Creative writing lessons from Patricia Highsmith

Highsmith’s book Plotting and Writing Suspense Fiction is an inspiring primer for budding psycho-crime novelists

Earlier this month, Reading group contributor Mmeritt1 recommended Patricia Highsmith’s book Plotting and Writing Suspense Fiction. It is “edifying and inspirational”, s/he wrote. And s/he is absolutely right.

The book is as unusual as you might expect and hope for from Patricia Highsmith. An elegant creative writing guide, it’s also a goldmine for anyone hoping for insight into The Talented Mr Ripley – and its author.

Highsmith points out in the book that The Talented Mr Ripley begins with an “almost but not quite incredible” coincidence. It’s quite some chance that the father of Dickie Greenleaf selects Tom Ripley, “a potential murderer”, to bring his son home.

As soon as I read that I could see that it was all too true. What astonishing ill fortune that Greenleaf Snr should select a sociopath – who barely knows his son – as the person to help him. And that he should pay for that sociopath to go all the way to Italy from New York and live with his son. I want to write that it stretches credulity; and yet I have to admit that it didn’t stretch mine at all. Motoring through the pages, I accepted the coincidence as fine and natural; the story’s details are presented in such a reasonable, matter-of-fact way, and the reader zips along, happily snapped into a mantrap of narration.

The book is full of direct and clear explanations of the mechanics of plotting and how best to use chance as a device. Such passages also demonstrate Highsmith’s magic – her power to compel you to read on and forget about how unlikely it all is. Although, if you’re hoping for tips about casting such spells yourself, Plotting and Writing A Suspense Thriller may sometimes make for depressing reading. Often, as much as providing a step-by-step guide, it demonstrates how impossible it is to walk in Highsmith’s shoes.

You might be able to follow her writing method of “mentally as well as physically sitting on the edge of my chair” while composing your thriller (done because Ripley is a young man on the edge of his chair - “if he is sitting down at all”). Good luck, however, if you want to create this kind of alchemy:

“By thinking myself inside the skin of [Ripley], my own prose became more self-assured than it logically should have been … No book was easier for me to write and I often had the feeling Ripley was writing it and I was merely typing.”
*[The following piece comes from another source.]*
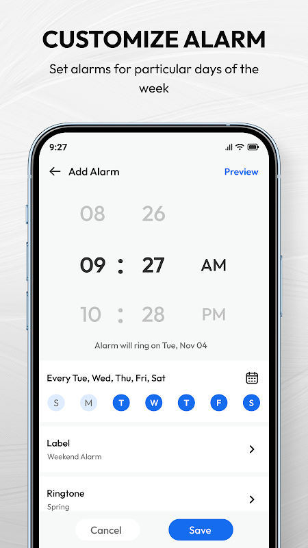 📅 الارم روزانہ، ہفتہ وار یا مخصوص دنوں میں طے کریں۔
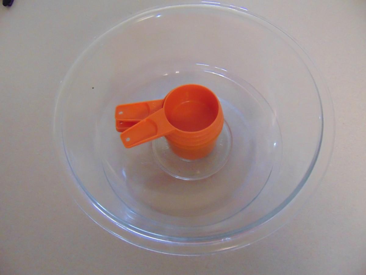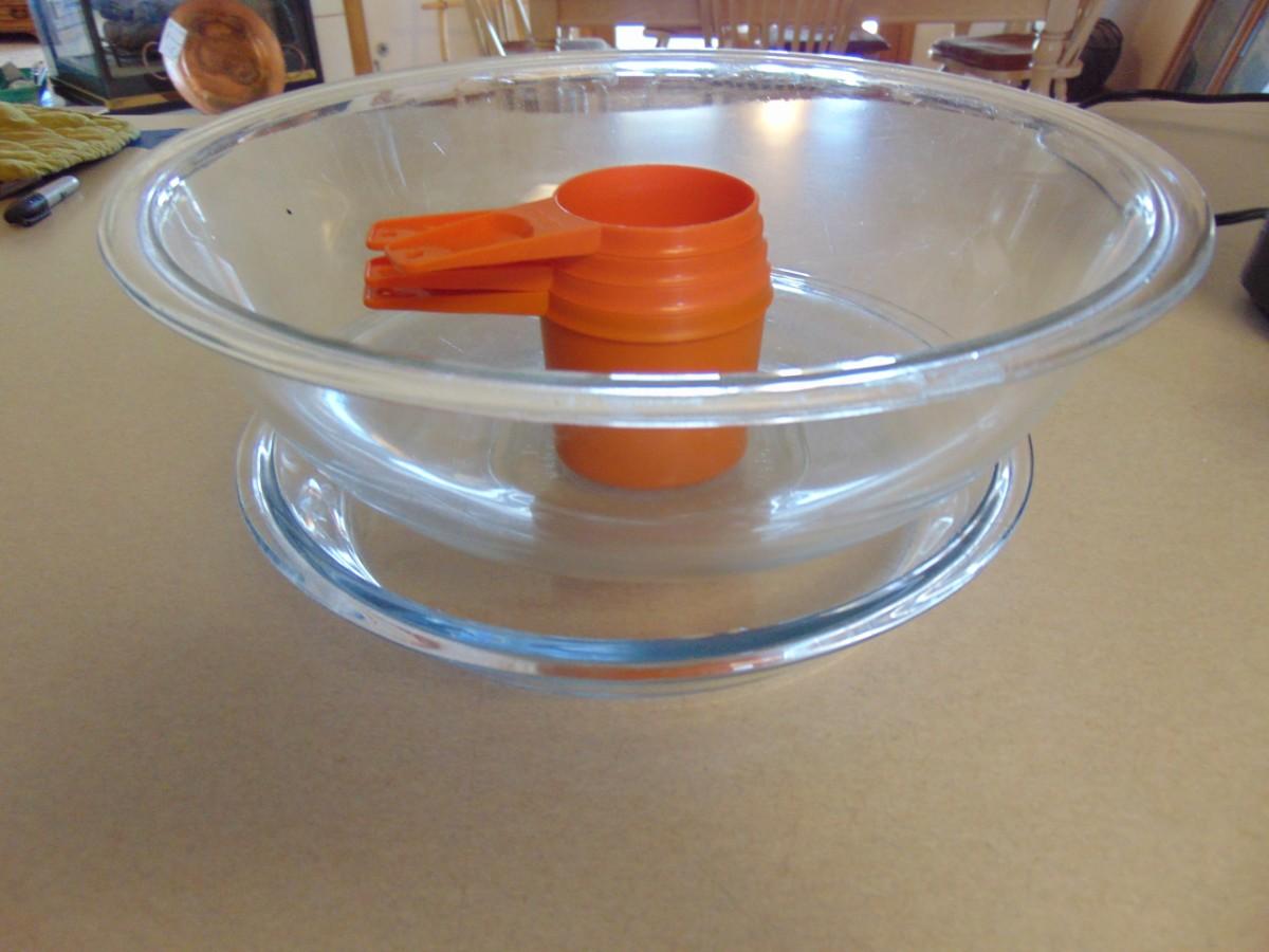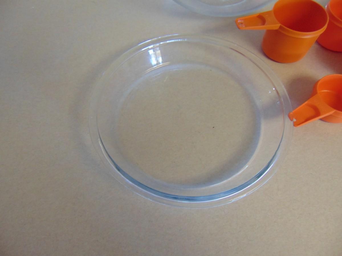 GLASS MIXING BOWL, PIE PLATE AND MEASURING CUPS

Plenty of the rest of her advice is similarly hard to follow – unless, like Highsmith, you happen to be a major talent. “The setting and the people must be seen as clearly as a photograph,” she advises. Well, yes. She also notes that a writer “should sense when something is wrong, as quickly as a mechanic hears a wrong noise in an engine, and he should correct it before it becomes worse”. That’s true, and irrefutably good advice. But it’s no more or less useful than Mike Tyson telling you that you need to move faster, dodge smarter and hit harder. It might work for him…

In spite of her modest tone, much of this book reads like a showcase of a master magician’s tricks. But it’s worth reading for other reasons, not least its delightful idiosyncrasy. “I cannot think of anything worse or more dangerous than to discuss my work with another writer,” says Highsmith. Doing so seems to be one of the peculiar enjoyments of the French, she explains.

Elsewhere, she writes: “I create things out of boredom with reality and with the sameness of routine and objects around me.” That’s some insight into the languid minds of so many of her characters - and the way she flings them to far flung places and strange situations. Also, into how detached she could be. How many people here suffer from reality boredom?

Another moment of telling self-revelation comes when (and no surprises here if you’ve been following this month’s Reading group) she says that she doesn’t enjoy letting justice catch up with her criminals. She “rather” likes them and finds them “extremely interesting, unless they are monotonously and stupidly brutal”.

But please don’t get the impression that Highsmith is as amoral as her subjects. One page later she points out how strange it is that the public likes to see the law triumph – but has no issue with brutality. “Sleuth-heroes” can beat women, be brutal and sexually unscrupulous, but the public will still cheer them on because they are chasing “something worse than themselves, presumably”.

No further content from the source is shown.